Need to Spring Clean Your Mind?

Opal App
5 min readApr 25, 2021


By Mariah Manzano

Welcome to April 2021.

Not your typical spring. We have a bit more to think about than flower blossoms and allergies.

We’re more than a year into a global pandemic.

And as you know, stress levels are high.

There constantly seems to be a light at the end of the tunnel that we’re running — heck, sprinting toward. But are we really getting somewhere? Or running on a treadmill?

It feels like Groundhog Day, where all days blur to be the same, weekly meetings feel like daily meetings, and changing seasons are the only indicators that time is truly passing. Alas, the world continues to spin — despite everything.

It’s April, yes. But it’s also Stress Awareness Month. Ironic, considering how stress-inducing today’s world is. Which also means that more than ever, it’s a critical time to reflect and do a bit of spring cleaning to your mind.

Here are 4 steps to spring clean your mind this month.

1. Take inventory

This may be the most important step. Before deciding what to trash or keep, you have to acknowledge everything in your inventory.

What takes up space in your brain at any given time?

To really note your inventory, jot down as much as possible of the following:

  • The people in your life
  • The projects & work you’ve signed up for
  • The goals and dreams you hold onto
  • The things that make you anxious, exhausted, or frustrated
  • The moments and things you love
  • The topics you’re afraid to bring up but want to get off your chest

2. Drop what’s taking up space

Every part of who you are is connected to your brain. Brains help us translate our souls into words and actions for the rest of the world to understand us.

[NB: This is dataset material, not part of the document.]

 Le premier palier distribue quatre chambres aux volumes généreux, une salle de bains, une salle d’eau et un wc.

When our brains are muddled by overthinking, overworking, or burnout, we’re not giving ourselves a fair chance to present who we are to the world.

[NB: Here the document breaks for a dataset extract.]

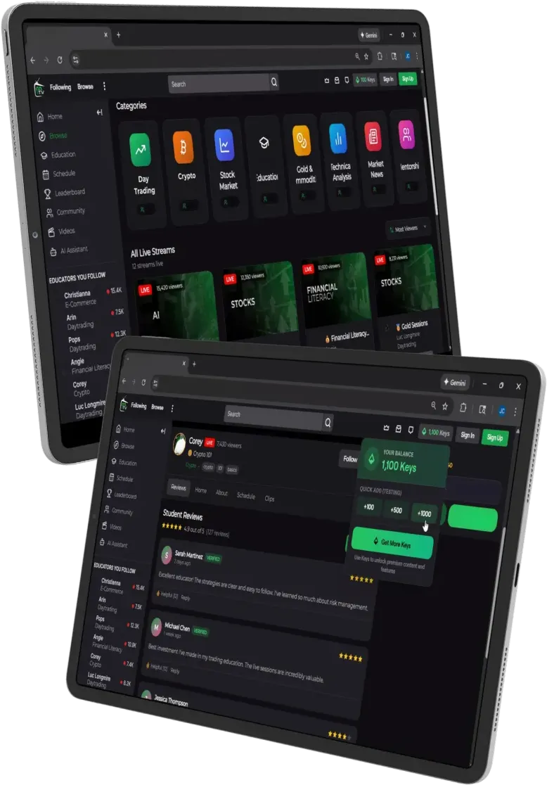 Master stocks, real estate, crypto, AI, ecommerce, fitness, culinary arts, and more through daily live streams with real-time mentorship—then turn that momentum into real skills, serious knowledge, and a legacy alongside the global 1House community.

Instead, we’re always tired. Always waiting for the weekend. Always thinking about the future because we’re exhausted by the thought of the present.

For that reason, it’s extra important to analyze your inventory and drop what’s just taking up space.

In other words, which people or interactions in your life are toxic? Or not adding value to you? Or don’t quite align with your mission statement and values as a person?

As these pieces of your life take up real estate in your mind, you may find that thinking about them often becomes exhausting, and it’s best to drop them so that you can clear your mind of toxicity and instead focus on what’s meaningful to you.

This is way easier said than done, especially for my hoarder friends. But holding onto the things that take up space without providing any value to you is like befriending a leech.

3. Take the time to organize

Once you’re left with the things that fulfill you, bring value to you, inspire you, and make you feel even a little bit more satisfied with life, then you’re in a good place. That being said, you may still be left with a lot of… stuff.

Not necessarily toxic or bad stuff. But stuff, nevertheless. Even a bunch of good things can take up a lot of space.

Once you’ve narrowed down what you want to keep around, get organizing.

Organizing the different parts of your life doesn’t have to be complicated. Consider splitting it up in a way that makes sense for you. That could be:

  • Personal Wellness & Growth
  • Professional Wellness & Growth

Or perhaps by group:

  • Family
  • Friends
  • Co-workers
  • Myself

Once you’ve created your buckets, jot down all of the pieces of your life that you’ve decided to keep around within these buckets.

4. Note what’s overstocked and understocked

Are any buckets lacking items? Is it important to you to fill it up?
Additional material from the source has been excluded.